It is also common to need to refer to a set of wildcarded entry-names in a database, for example 'swissprot:*_human' refers to all the human entries in SwissProt. (Strictly, it is all the entries in SwissProt whose names end in '_human'.) A single character can be specified as wild-carded by using a '?' character.

Restrictions on accessing databases

Although specifying a complete database and specifying wildcarded entry names in a database both refer to many entries in a database and both use asterisks in the USA specification, they are implemented in the EMBOSS programs in a very different way. Reading all the entries in the database requires the program to start at the begining of the database and read each next entry in turn. Reading wildcarded entries requires an index of entry ID names and accession numbers to be available that can be queried to return the positions in the database of those entries whose names match the wildcarded specification.
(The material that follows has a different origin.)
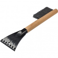 Ice scraper with snow bristle, wooden handle, for more comfortable clearing snow from car, packed in a recycled polybag, product made from ABS

Because EMBOSS is very flexible in the ways in which databases can be set up, not all databases will be searchable by all types of sequence specifications.

Databases that are set up to access (for example) a web site to return a single entry will probably not be set up to return either wildcarded entry name spcifications or complete databases (it takes a long time to transfer large databases across the Internet!)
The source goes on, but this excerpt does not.